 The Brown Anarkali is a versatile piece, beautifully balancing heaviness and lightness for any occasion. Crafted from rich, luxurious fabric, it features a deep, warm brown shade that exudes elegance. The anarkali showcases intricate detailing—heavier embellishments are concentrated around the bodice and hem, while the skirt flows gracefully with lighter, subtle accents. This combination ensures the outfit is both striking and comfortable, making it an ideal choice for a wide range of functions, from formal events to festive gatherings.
==
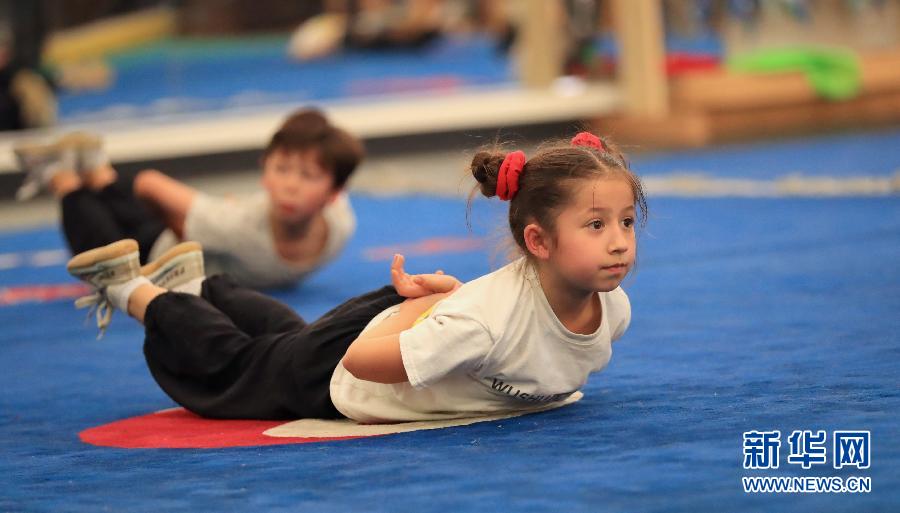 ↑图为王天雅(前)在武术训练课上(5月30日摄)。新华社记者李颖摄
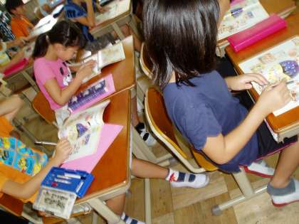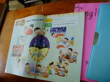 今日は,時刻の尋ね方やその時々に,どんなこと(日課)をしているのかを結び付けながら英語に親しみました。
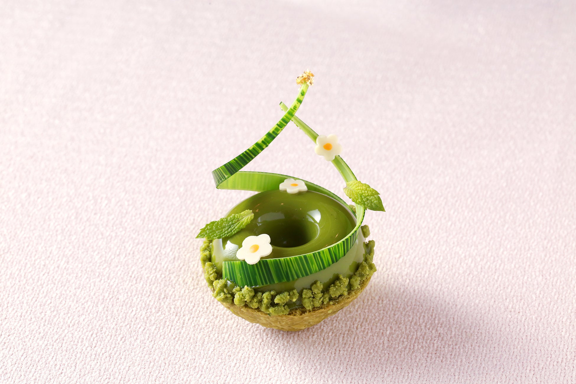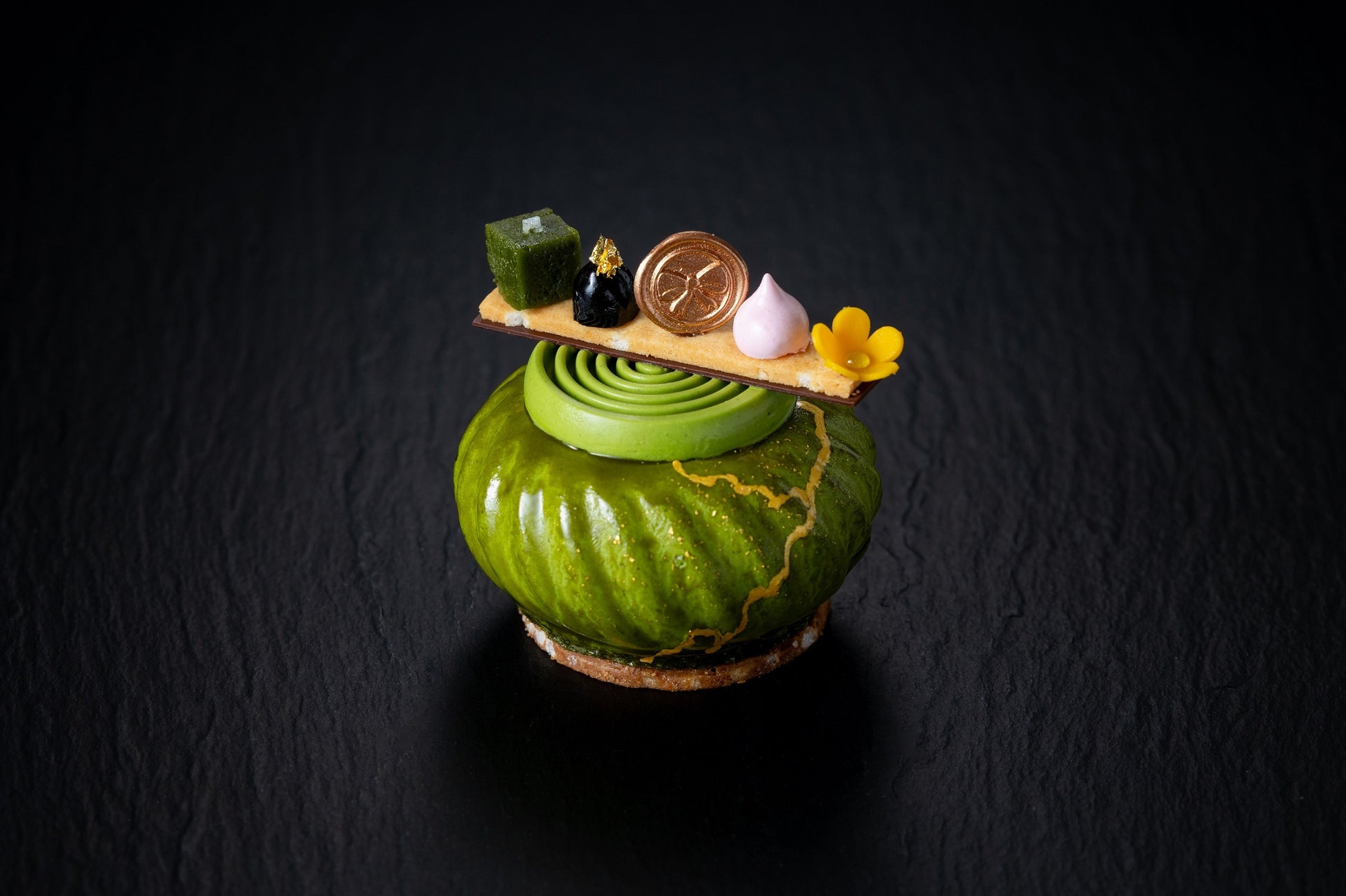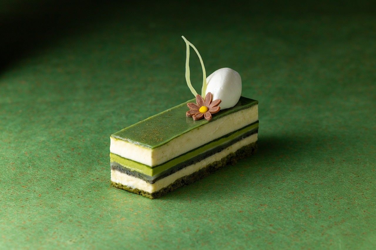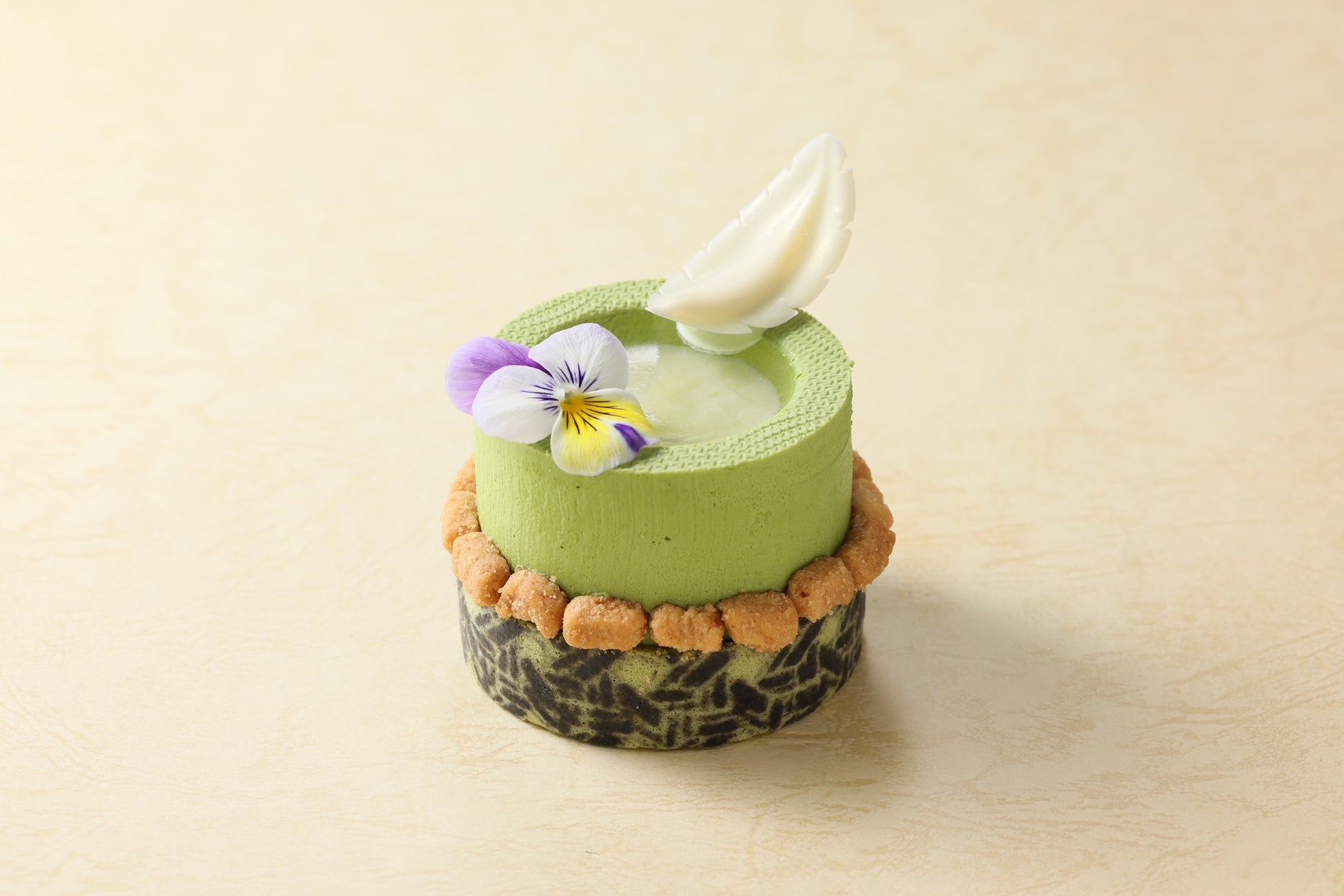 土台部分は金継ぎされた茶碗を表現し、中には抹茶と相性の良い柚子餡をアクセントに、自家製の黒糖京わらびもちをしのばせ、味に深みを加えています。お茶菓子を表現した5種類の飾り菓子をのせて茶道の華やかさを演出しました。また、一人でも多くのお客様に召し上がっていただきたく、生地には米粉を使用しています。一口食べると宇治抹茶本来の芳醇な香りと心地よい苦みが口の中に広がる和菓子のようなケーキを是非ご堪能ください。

■ TASK PROMPT:
Go to the line above that has "今日は,時刻の尋ね方やその時" and copy exactly from there down to the line that has "土台部分は金継ぎされた茶碗を", both included. Leave the pictures out.

■ OUTPUT OF THE EXERCISE:
 今日は,時刻の尋ね方やその時々に,どんなこと(日課)をしているのかを結び付けながら英語に親しみました。
 土台部分は金継ぎされた茶碗を表現し、中には抹茶と相性の良い柚子餡をアクセントに、自家製の黒糖京わらびもちをしのばせ、味に深みを加えています。お茶菓子を表現した5種類の飾り菓子をのせて茶道の華やかさを演出しました。また、一人でも多くのお客様に召し上がっていただきたく、生地には米粉を使用しています。一口食べると宇治抹茶本来の芳醇な香りと心地よい苦みが口の中に広がる和菓子のようなケーキを是非ご堪能ください。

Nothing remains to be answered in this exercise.